4. A sieve screen, as claimed in claim 3, wherein each said coupling member comprises a rod.
5. A sieve screen, as claimed in claim 4, including a stiffening member extending between adjacent sieve screen modules and through which each said rod extends.
This invention relates to screening, and in particular to sieve screens produced by connecting together a plurality of sieve elements. Such screens are used in screening machines for dewatering, grading and the like.
It is known to cast an individual sieve element in a standard size as a mesh of polymeric material having apertures of a required shape and size.
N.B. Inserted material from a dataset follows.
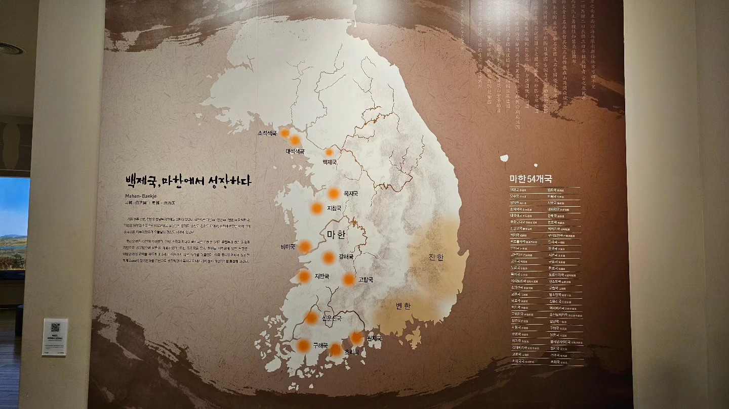 두 번째 전시실은 백제의 왕도 한성에 관한 내용을 다루고 있습니다. 왕도란 왕이 나라를 다스리기 위해 머물던 도읍을 의미하며, 왕권이 발현되는 중요한 장소였습니다. 한성은 백제의 중심지로서 그 중요성을 지니고 있으며, 백제의 정치, 경제, 문화, 군사적 역량이 집약되어 있는 장소였습니다. 이 전시실에서는 한성을 중심으로 한 백제의 왕도 역할과 그 의미를 자세히 설명하고 있습니다. 백제의 왕도는 시대에 따라 변화를 겪었지만, 그 중심지는 현재의 서울 송파구 일대였다는 점에서 한성은 백제의 역사에서 중요한 위치를 차지하고 있습니다. 또한, 백제는 마한에서 성장한 왕국으로, 마한은 54개의 소국으로 이루어졌으며 오늘날의 경기도, 충청도, 전라도 지역을 포함하고 있었습니다.
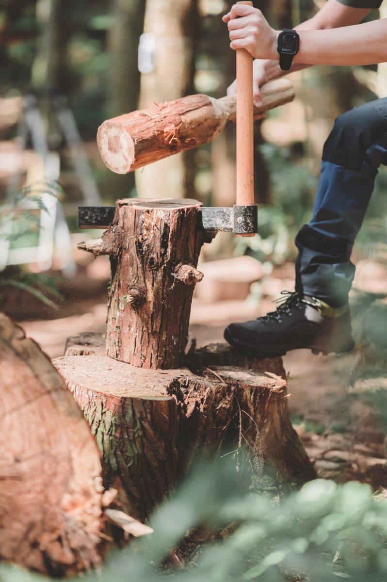 <惜木的他,就連砍下來剩餘的木頭,都會做成木作工具。圖中是他自製的「杉木槌」,用以協助劈木。NK 在作業時,習慣穿著 Fjällräven 服飾,因為耐磨、彈性、透氣等特性,適合在戶外工作的他。圖中上衣為 Abisko Wool Classic SS M,採用美麗諾羊毛與聚酯纖維以平紋針織混紡製成的輕量 T-shirt,天然抗臭;下身為 Keb Agile Trousers M,採用輕量尼龍彈性布料製成,在口袋、膝蓋和褲腳內側還以 G-1000 Lite Eco Stretch 布料局部加強耐磨。>

The mesh is often reinforced by the incorporation of inelastic material during casting.
A plurality of such sieve elements are then bonded together to provide a sieve screen of desired overall dimensions which is then fitted over a support frame in the screening machine.
According to the present invention a method of making at least part of a sieve screen includes the step of interlocking a plurality of sieve elements with complementary formations of adjacent elements engaging and defining an open-sided channel receiving an elongate interlocking member, which member is then secured against relative lateral movement of the screen elements.
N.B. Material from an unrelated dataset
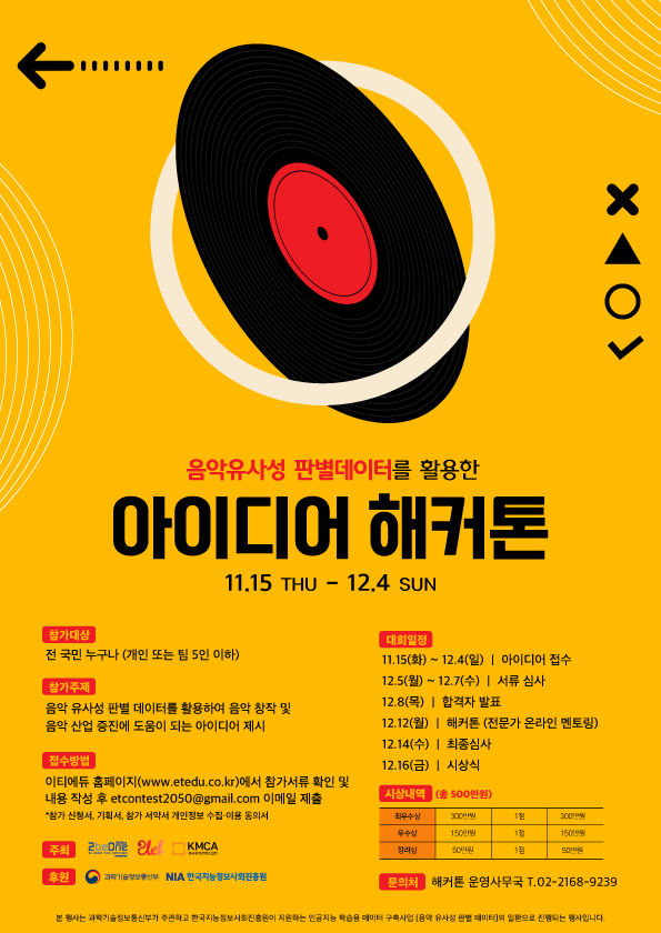본 행사는 과학기술정보통신부가 주관하고 한국지능정보사회진흥원이 지원하는 인공지능 학습용 데이터 구축사업 [음악 유사성 판별 데이터]의 일환으로 진행되는 행사입니다.

Preferably the elements are interlocked by a rigid member such as a rod, tube, wire or the like extending through or into the engaged formations.
According to another aspect of the invention a sieve screen part is made by the method of the first aspect and comprises a plurality of interlocked sieve elements with complementary formations of adjacent elements engaging and interlocked.
In preferred embodiments the formations are adapted to engage with those of an adjacent sieve element and define the channel to receive an interlocking member and be filled with settable material to provide a substantially smooth continuous surface for the joint between the elements.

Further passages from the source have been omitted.